Task » Copy the lines from the start of the records below through the line containing "4. Prise out", both included, and leave out the pictures.

───── Data for analysis ─────

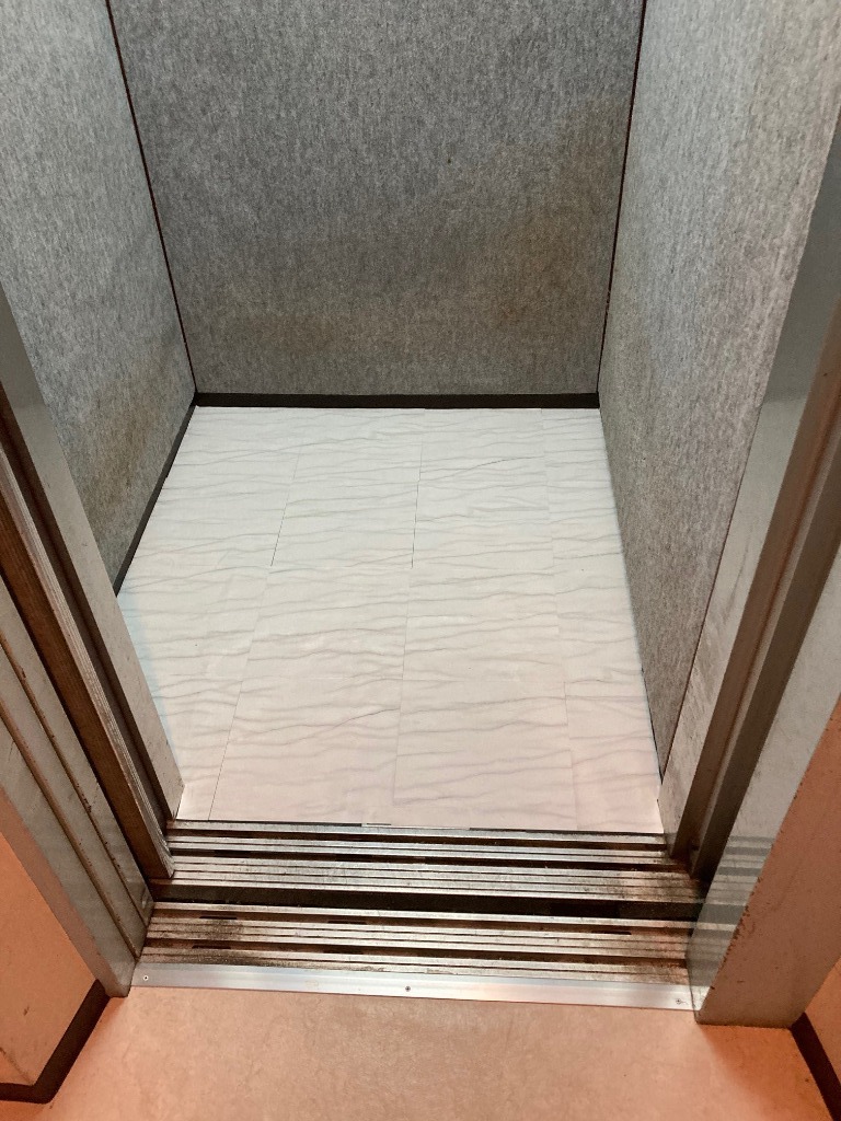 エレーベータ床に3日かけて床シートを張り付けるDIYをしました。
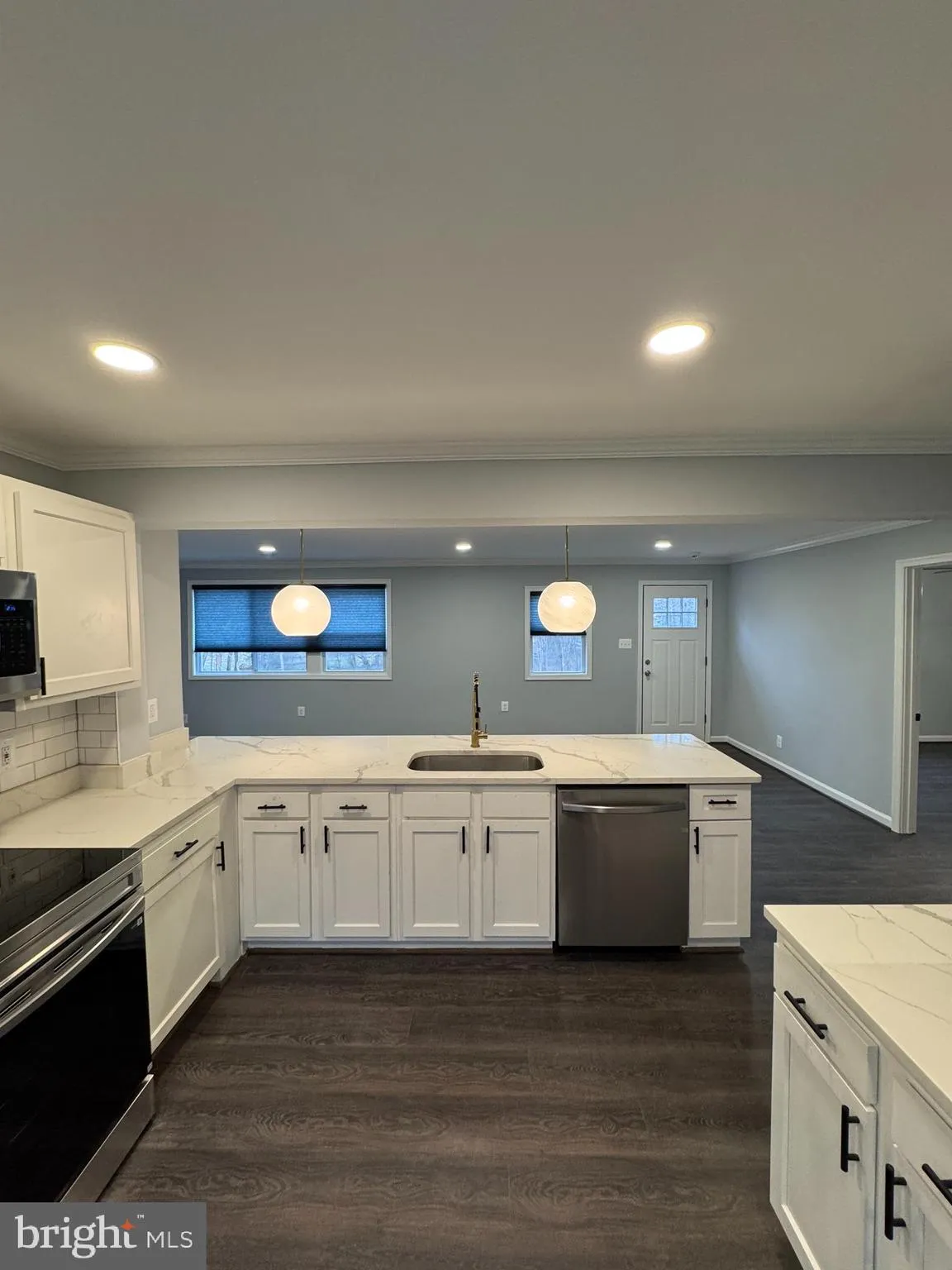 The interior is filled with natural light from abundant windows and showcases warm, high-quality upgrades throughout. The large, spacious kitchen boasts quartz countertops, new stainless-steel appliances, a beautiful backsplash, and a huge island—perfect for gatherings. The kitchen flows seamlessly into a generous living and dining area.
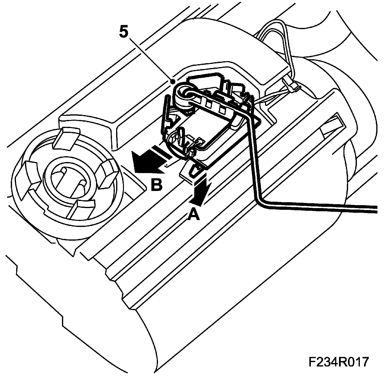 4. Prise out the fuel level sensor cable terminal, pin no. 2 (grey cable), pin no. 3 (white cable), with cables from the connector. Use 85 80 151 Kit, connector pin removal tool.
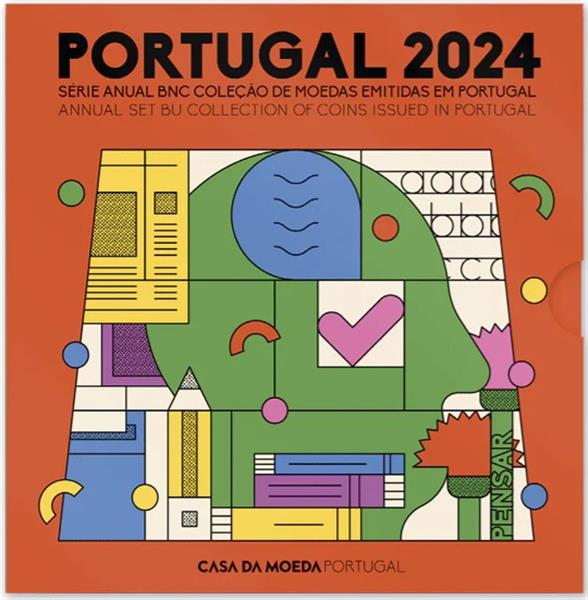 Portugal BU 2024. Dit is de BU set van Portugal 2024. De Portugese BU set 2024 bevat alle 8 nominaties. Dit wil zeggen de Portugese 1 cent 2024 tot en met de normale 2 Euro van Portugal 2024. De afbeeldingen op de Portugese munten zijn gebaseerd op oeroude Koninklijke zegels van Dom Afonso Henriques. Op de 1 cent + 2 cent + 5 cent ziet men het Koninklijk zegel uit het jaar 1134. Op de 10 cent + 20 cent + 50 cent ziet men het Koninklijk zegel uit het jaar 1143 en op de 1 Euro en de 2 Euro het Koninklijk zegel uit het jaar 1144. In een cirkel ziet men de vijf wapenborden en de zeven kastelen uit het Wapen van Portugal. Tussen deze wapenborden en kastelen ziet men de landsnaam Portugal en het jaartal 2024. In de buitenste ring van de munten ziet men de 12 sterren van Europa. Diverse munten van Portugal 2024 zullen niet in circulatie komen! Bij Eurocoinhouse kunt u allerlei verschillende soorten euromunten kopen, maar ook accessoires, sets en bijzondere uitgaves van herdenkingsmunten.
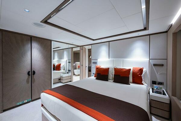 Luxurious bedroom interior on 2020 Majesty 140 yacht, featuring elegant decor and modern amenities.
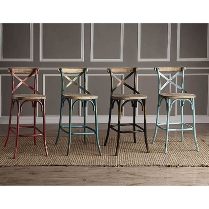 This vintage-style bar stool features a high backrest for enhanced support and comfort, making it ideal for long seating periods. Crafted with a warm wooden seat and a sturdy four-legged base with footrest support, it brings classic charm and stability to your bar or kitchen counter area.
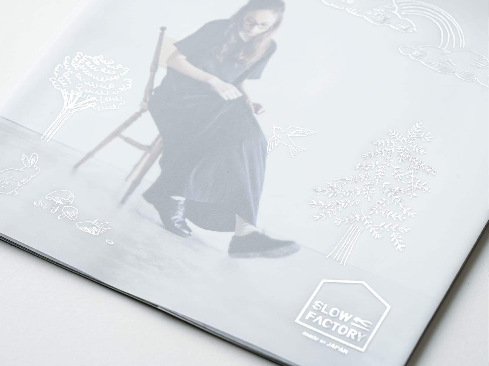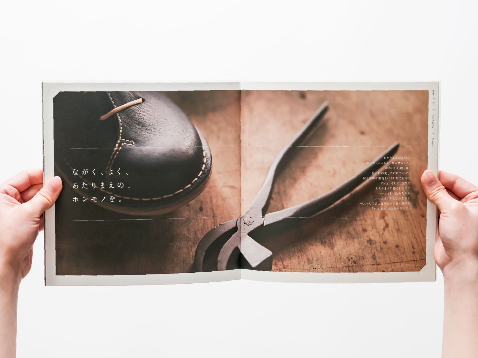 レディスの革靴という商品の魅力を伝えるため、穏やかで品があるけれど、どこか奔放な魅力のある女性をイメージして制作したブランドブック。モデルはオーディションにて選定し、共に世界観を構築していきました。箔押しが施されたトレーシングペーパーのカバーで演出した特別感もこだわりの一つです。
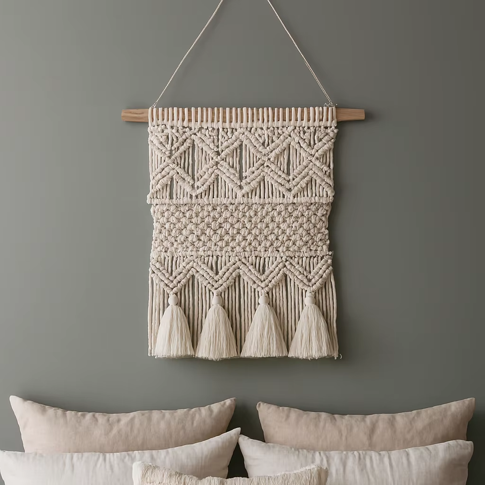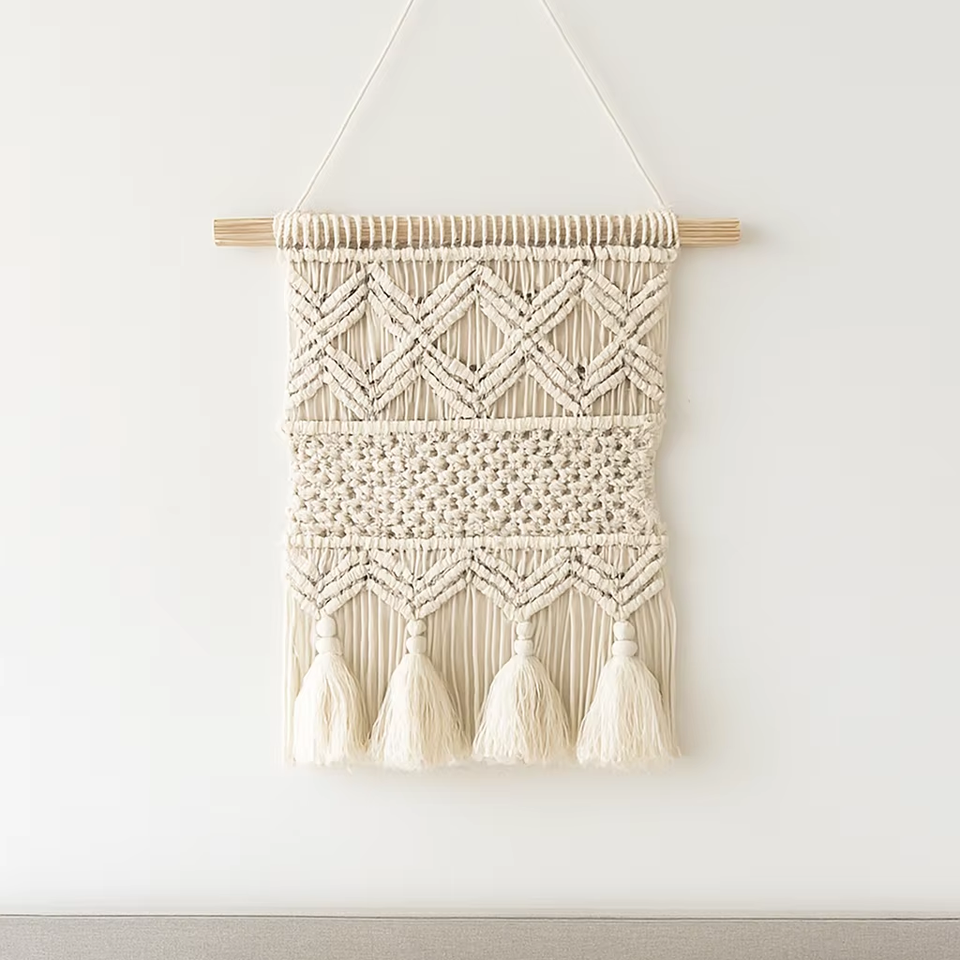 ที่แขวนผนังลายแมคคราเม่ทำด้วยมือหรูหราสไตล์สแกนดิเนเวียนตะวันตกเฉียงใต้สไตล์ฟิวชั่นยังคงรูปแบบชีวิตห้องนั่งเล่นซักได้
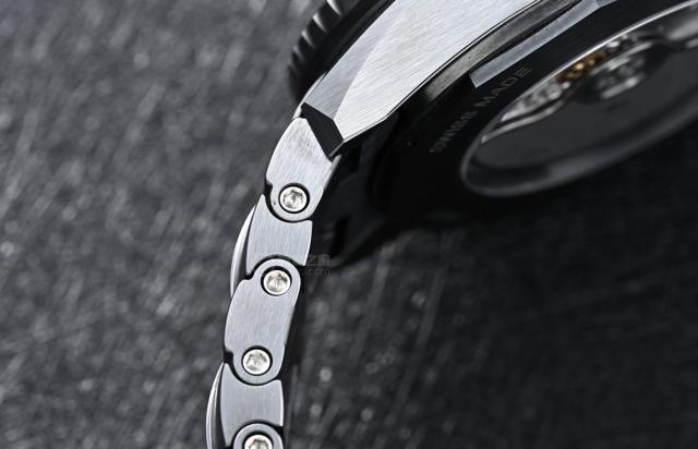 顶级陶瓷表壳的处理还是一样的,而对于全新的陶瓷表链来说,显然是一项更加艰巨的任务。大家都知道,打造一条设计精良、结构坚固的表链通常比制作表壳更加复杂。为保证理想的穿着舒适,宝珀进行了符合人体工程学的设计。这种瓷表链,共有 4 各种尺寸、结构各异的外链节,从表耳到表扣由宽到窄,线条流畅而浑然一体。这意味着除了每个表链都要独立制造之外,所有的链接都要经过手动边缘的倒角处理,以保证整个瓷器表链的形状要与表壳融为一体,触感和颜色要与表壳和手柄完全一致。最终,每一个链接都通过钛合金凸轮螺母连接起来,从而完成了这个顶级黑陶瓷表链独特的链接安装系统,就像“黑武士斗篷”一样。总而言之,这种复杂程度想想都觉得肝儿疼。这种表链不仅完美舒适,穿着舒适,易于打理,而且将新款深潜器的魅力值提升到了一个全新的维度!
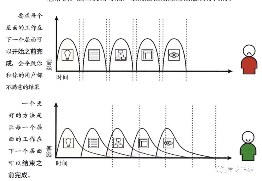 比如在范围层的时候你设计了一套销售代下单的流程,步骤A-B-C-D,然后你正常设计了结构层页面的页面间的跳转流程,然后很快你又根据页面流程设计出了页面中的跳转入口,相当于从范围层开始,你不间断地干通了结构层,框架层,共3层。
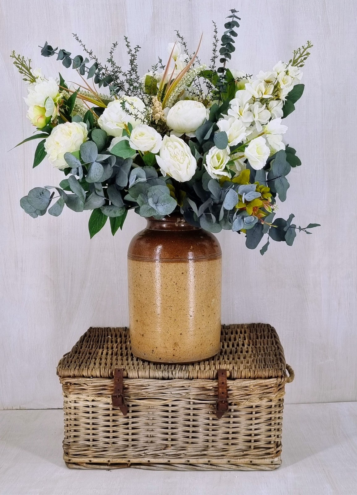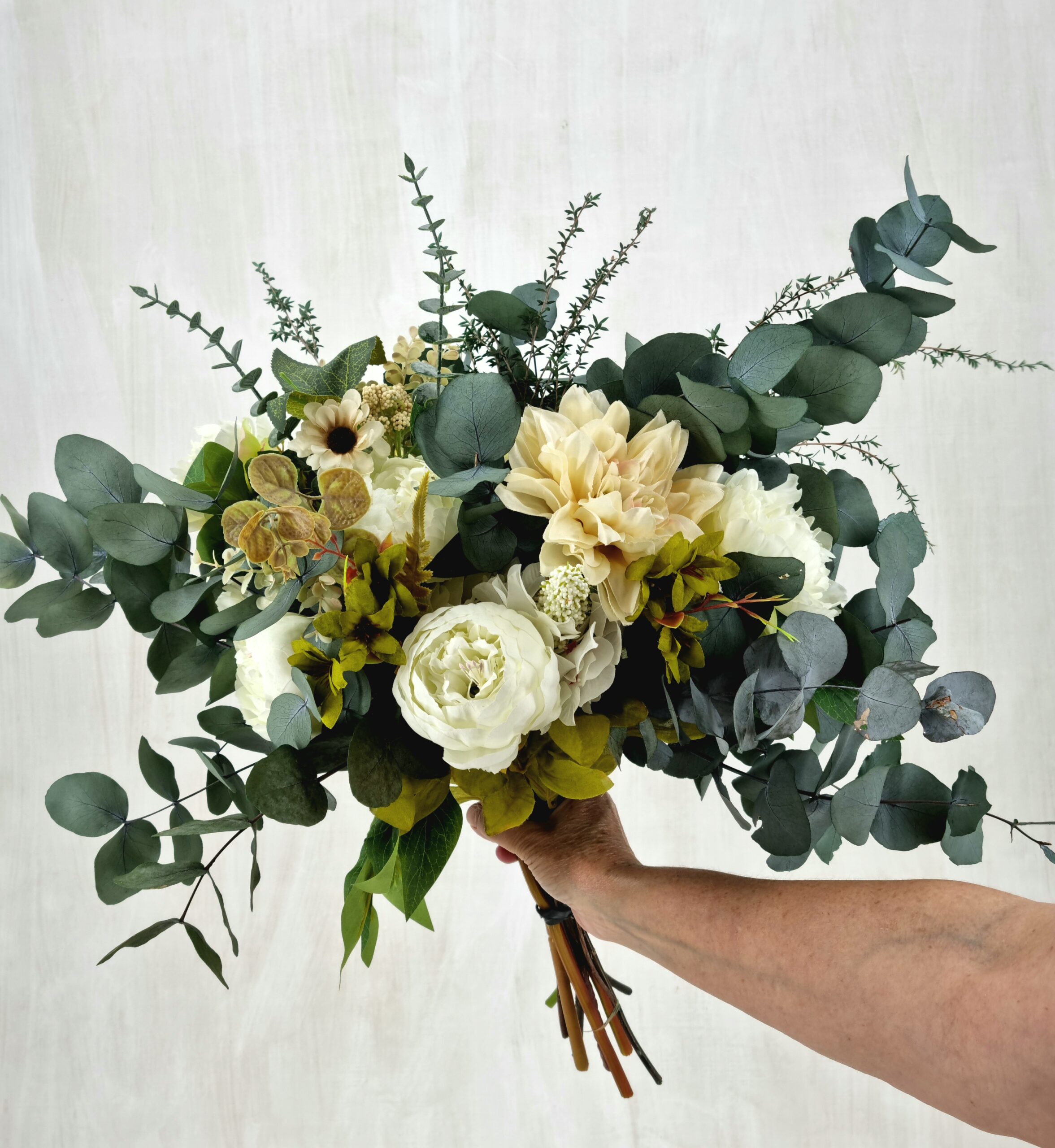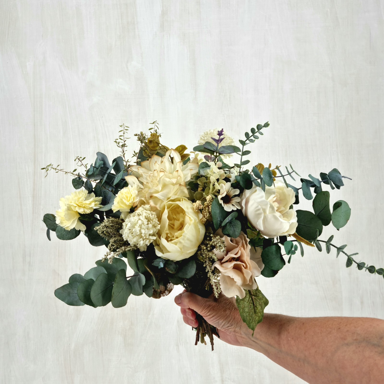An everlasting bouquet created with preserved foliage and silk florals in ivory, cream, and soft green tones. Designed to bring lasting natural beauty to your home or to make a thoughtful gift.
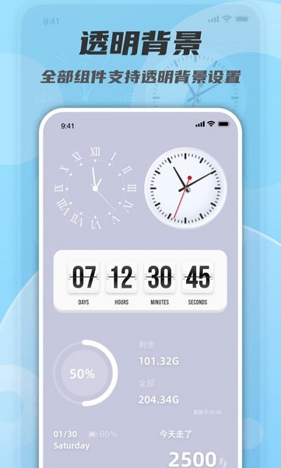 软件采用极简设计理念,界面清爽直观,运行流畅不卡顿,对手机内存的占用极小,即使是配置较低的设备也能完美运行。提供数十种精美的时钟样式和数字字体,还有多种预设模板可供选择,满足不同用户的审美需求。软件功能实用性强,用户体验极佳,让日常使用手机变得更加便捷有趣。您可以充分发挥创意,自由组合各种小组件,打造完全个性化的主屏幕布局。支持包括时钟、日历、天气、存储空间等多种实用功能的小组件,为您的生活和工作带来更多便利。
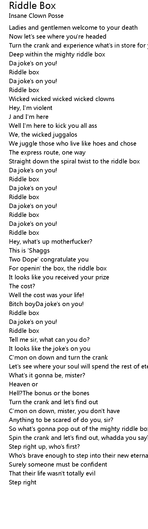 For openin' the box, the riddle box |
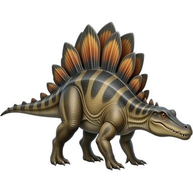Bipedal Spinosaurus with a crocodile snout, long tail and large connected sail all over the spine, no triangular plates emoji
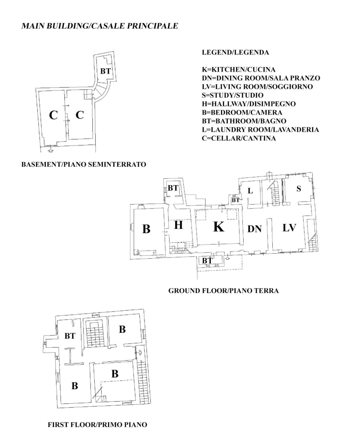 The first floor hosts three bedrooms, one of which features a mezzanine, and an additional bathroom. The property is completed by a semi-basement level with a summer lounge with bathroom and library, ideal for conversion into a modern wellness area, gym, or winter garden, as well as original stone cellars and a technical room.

─────

Response area »
 エレーベータ床に3日かけて床シートを張り付けるDIYをしました。
 The interior is filled with natural light from abundant windows and showcases warm, high-quality upgrades throughout. The large, spacious kitchen boasts quartz countertops, new stainless-steel appliances, a beautiful backsplash, and a huge island—perfect for gatherings. The kitchen flows seamlessly into a generous living and dining area.
 4. Prise out the fuel level sensor cable terminal, pin no. 2 (grey cable), pin no. 3 (white cable), with cables from the connector. Use 85 80 151 Kit, connector pin removal tool.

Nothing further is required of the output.